*THE RECORDS*
· · · · ·

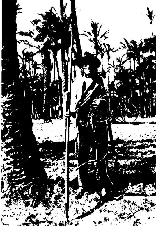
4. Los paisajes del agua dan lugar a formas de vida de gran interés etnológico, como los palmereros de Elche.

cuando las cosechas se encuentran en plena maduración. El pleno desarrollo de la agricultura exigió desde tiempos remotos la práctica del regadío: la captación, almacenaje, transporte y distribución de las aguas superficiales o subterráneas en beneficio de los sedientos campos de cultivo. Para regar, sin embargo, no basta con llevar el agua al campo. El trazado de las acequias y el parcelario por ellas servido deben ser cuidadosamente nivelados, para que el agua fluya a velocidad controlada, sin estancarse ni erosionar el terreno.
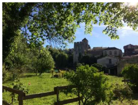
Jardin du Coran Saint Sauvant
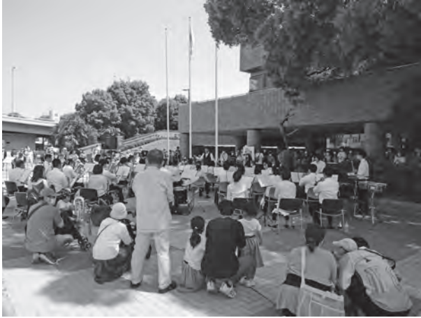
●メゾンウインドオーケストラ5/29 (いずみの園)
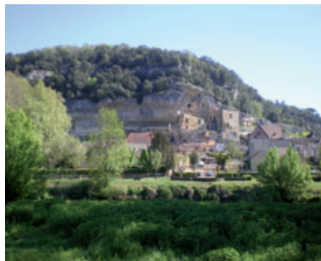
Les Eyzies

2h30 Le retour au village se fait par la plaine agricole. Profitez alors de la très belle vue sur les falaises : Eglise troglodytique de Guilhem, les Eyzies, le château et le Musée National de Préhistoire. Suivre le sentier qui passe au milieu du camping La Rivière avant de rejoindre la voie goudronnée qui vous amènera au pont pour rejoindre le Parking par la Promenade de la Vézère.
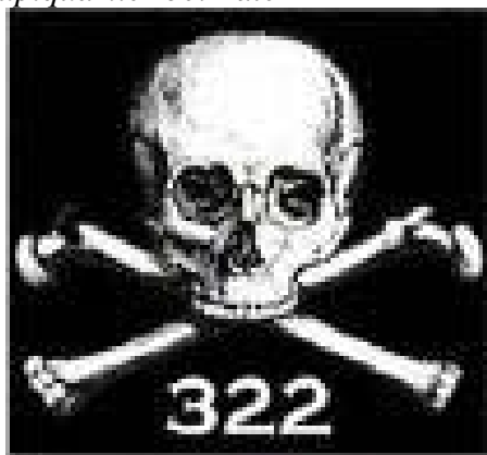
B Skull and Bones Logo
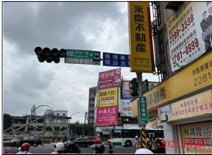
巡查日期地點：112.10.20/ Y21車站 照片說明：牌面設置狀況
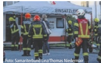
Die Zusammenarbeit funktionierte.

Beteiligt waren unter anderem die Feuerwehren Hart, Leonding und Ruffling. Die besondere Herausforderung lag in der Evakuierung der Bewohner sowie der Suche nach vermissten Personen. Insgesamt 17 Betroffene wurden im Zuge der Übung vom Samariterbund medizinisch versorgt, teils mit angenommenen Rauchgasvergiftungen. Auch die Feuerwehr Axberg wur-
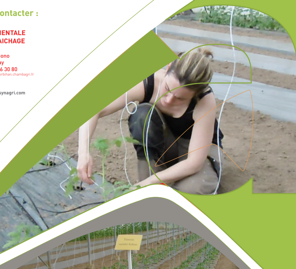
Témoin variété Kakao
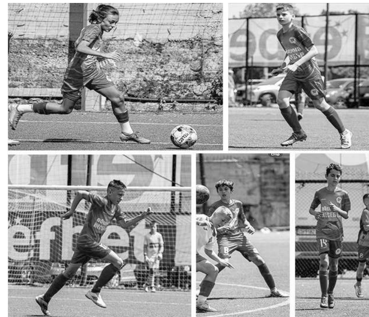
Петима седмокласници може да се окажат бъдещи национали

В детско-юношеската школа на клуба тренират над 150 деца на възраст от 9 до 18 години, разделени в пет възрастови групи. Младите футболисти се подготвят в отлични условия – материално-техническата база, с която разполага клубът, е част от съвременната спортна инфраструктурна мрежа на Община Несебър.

· · · · ·

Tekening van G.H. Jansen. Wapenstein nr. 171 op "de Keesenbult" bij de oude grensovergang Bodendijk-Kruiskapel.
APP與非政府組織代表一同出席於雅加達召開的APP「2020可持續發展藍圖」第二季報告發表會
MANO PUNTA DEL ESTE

· · · · ·

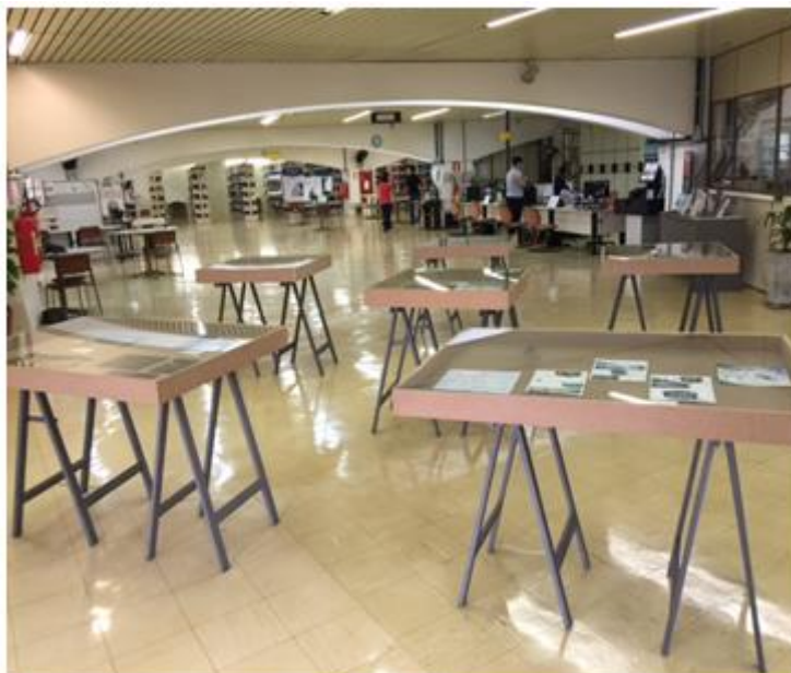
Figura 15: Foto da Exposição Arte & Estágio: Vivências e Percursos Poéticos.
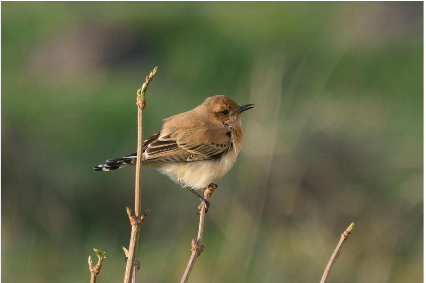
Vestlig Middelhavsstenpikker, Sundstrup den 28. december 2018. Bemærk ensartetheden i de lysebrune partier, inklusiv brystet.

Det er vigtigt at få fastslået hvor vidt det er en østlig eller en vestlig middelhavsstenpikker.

· · · · ·

*REQUIREMENT*
Say how many lines in the data above contain the string "Eyzies", and give no other output.

*WRITTEN REPLY*
2